Coursey makes no allegation in his complaint of any conduct by the City of Peoria forming the basis of a claim against it. In his response brief, Coursey states that the City of Peoria is liable because "the Police Department is the agency in which police officers work for." Mot. to Process at 2. The Court infers from this statement that Coursey bases his claim entirely on the theory of respondeat superior.
A municipal entity may not be held liable for the acts of individual members of its police force solely on the theory of respondeat superior. Monell v. New York City Dep't of Soc. Serv., 436 U.S. 658, 690-91, 98 S.Ct. 2018, 2036 (1978); McTigue v. City of Chicago, 60 F.3d 381, 382 (7th Cir. 1995). A plaintiff must allege that the municipality's policy is the source of the constitutional deprivation. Sams v. City of Milwaukee, 117 F.3d 991, 994 (7th Cir. 1997); McTigue, 60 F.3d at 382. The Seventh Circuit recognizes three ways in which a municipality may be held liable for violating an individual's civil rights:
(1) an express policy that, when enforced, causes a constitutional deprivation;
(2) "a widespread practice that, although not authorized by written law or express municipal policy, is so permanent and well settled as to constitute a 'custom or usage' with the force of law"; or (3) an allegation that the constitutional injury was caused by a person with "final policymaking authority."

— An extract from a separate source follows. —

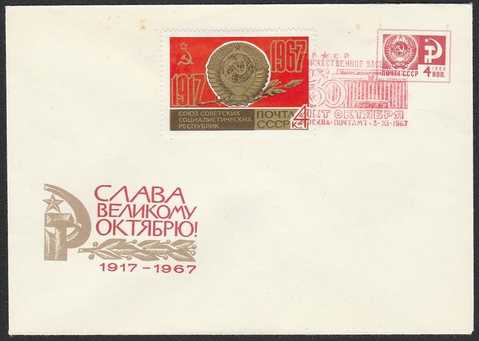 Конверт со СГ. Торжественное заседание 50 лет Октября. 03.11.1967 г. красный
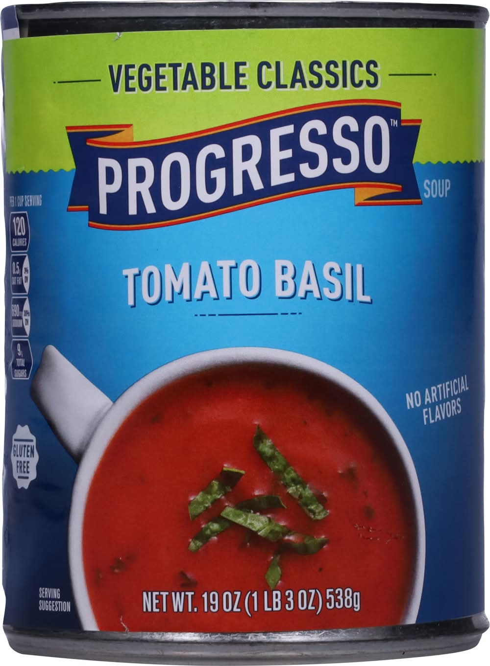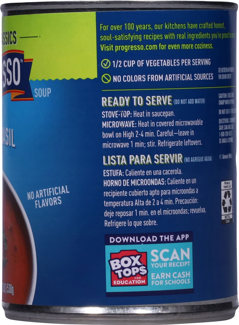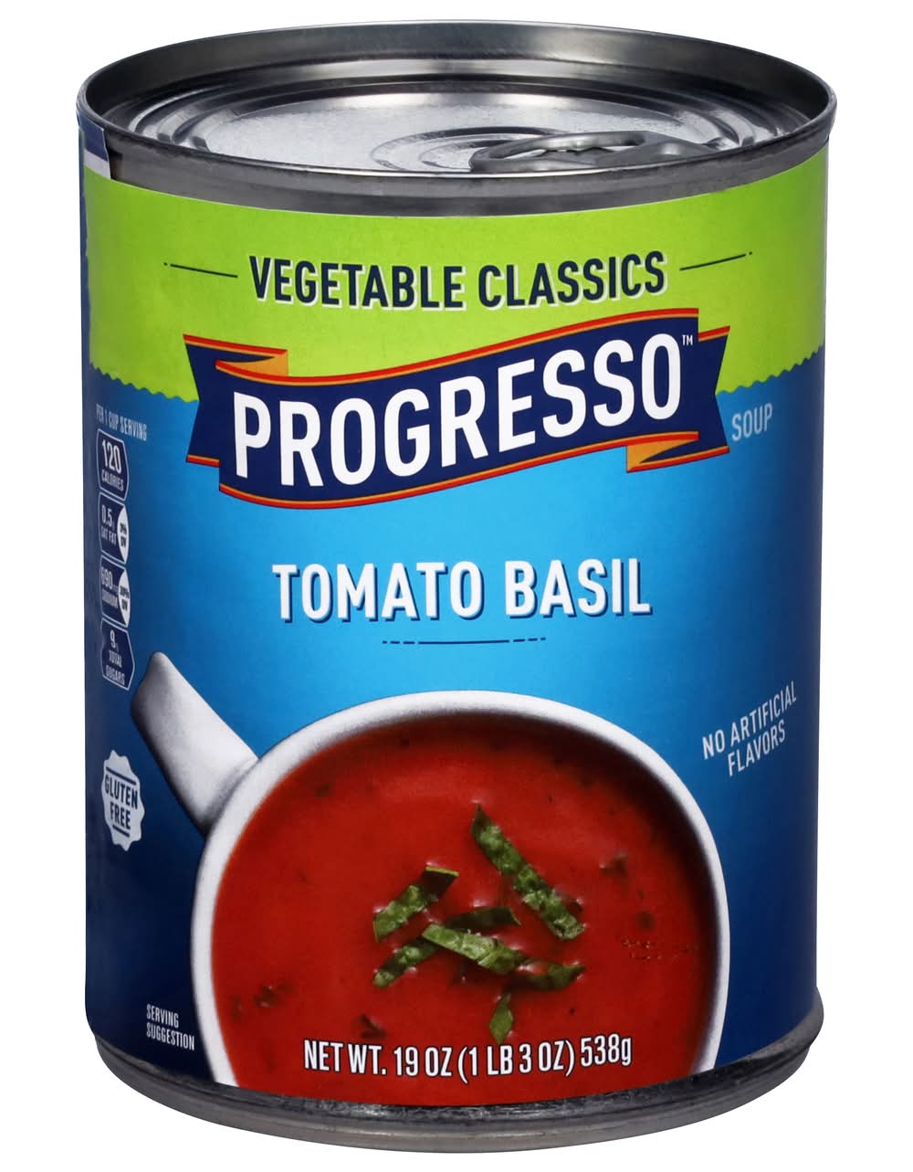 Progresso Vegetable Classics Tomato Basil Soup is a classic tomato soup packed with heartwarming goodness. It's great for days when you crave an easy mealtime addition or want to warm up from the inside out. Whether it's part of a delicious lunch or dinner, add Progresso canned soups to your shopping list as a favorite comfort food. This gluten free canned soup contains one-half cup of vegetables per serving, and no artificial flavors or colors from artificial sources. Unlike instant ramen, Progresso Soup is ready to serve, no need to add water. • Flavor: Tomato basil • Size: 19 OZ • General Mills Sales, Inc., Minneapolis, MN, 55440 • Packaging: Reusable

McTigue, 60 F.3d at 382 (quoting Baxter by Baxter v. Vigo County Sch. Corp., 26 F.3d 728, 734-35 (7th Cir. 1994)).
In the present case, Coursey fails to allege that the City of Peoria had any express policy for, or that City of Peoria police officers engaged in a widespread practice of, wrongfully pepper-spraying individuals during arrests. Additionally, Coursey appears to base his entire claim on the theory of respondeat superior. Although he need not plead with particularity, Coursey must make some general allegation of an express policy or widespread practice to survive a motion to dismiss.
Therefore, the City of Peoria shall be dismissed from this action.
II. Police Department
Next, the Defendants argue that the Police Department is not a proper party to this suit because it is not a separate legal entity.

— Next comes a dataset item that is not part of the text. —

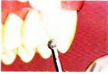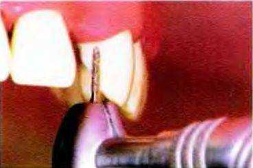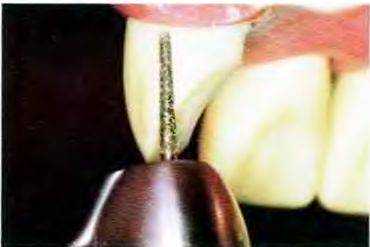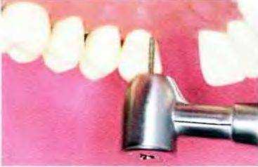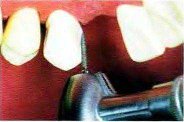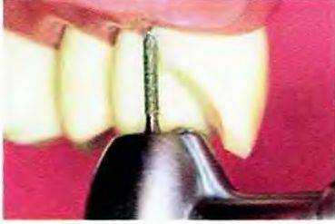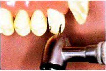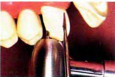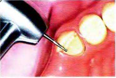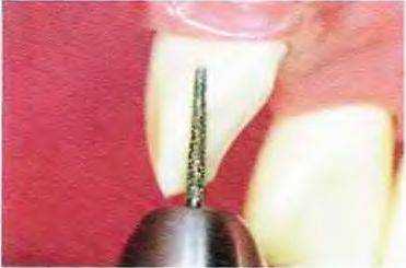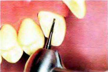 Рис. 7-12. Препарирование язычной осевой поверхности проводят торпедовидным алмазным бором.
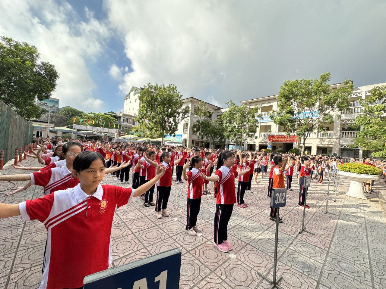 Thực hiện nhiệm vụ năm học 2023 - 2024, thực hiện thông báo số 82/TB-THGB về việc tổ chức tập thể dục buổi sáng và tổ chức các trò chơi dân gian cho các em học sinh, mỗi sáng thứ 3 thứ 5 các em học sinh trường Tiểu học Giang Biên đã rất hào hứng tham gia tập thể dục với các động tác cơ bản phát triển chung. Ngay sau tiếng trống tập trung, các em học sinh trong toàn trường đã đứng đúng vị trí của lớp mình. Các em nhanh chóng dàn hàng để đứng với khoảng cách phù hợp cho việc tập các động tác thể dục. Trên khuôn mặt của các em đều rạng rỡ nụ cười, khoan khoái dễ chịu khi được vận động buổi sáng. Chỉ sau chưa đầy 15 phút vận động đầu giờ, các em đều thấy vui vẻ sẵn sàng bước vào một ngày học tập đầy hứng khởi.

A police department is a department of the city without a separate legal existence. Doe v. City of Chicago, 883 F. Supp. 1126, 1133 (N.D. Ill. 1994); Jordan v. City of Chicago, Dept. Of Police, 505 F. Supp. 1, 3-4 (N.D. Ill. 1980); see also Meek v. Springfield Police Dep't, 990 F. Supp. 598, 601 (C.D. Ill. 1998).
Therefore, Defendant Police Department is not a proper party to this action because it does not have an existence separate from the City of Peoria. Police Department shall be dismissed from this action.
For the reasons set forth above, Defendants' Motion to Dismiss [#10] is GRANTED. The City of Peoria is dismissed because Coursey failed to allege anything other than respondeat superior liability, and the Police Department is dismissed because it does not have a legal existence separate from the City of Peoria. Coursey is granted leave to file an amended complaint within thirty days.
The City of Peoria and the Police Department are now TERMINATED as parties to this action. Because the Motion to Dismiss was not brought on behalf of all named Defendants, what remains of this case is referred to Magistrate Judge Gorman for further proceedings.
ENTERED this 6th day of September, 2007.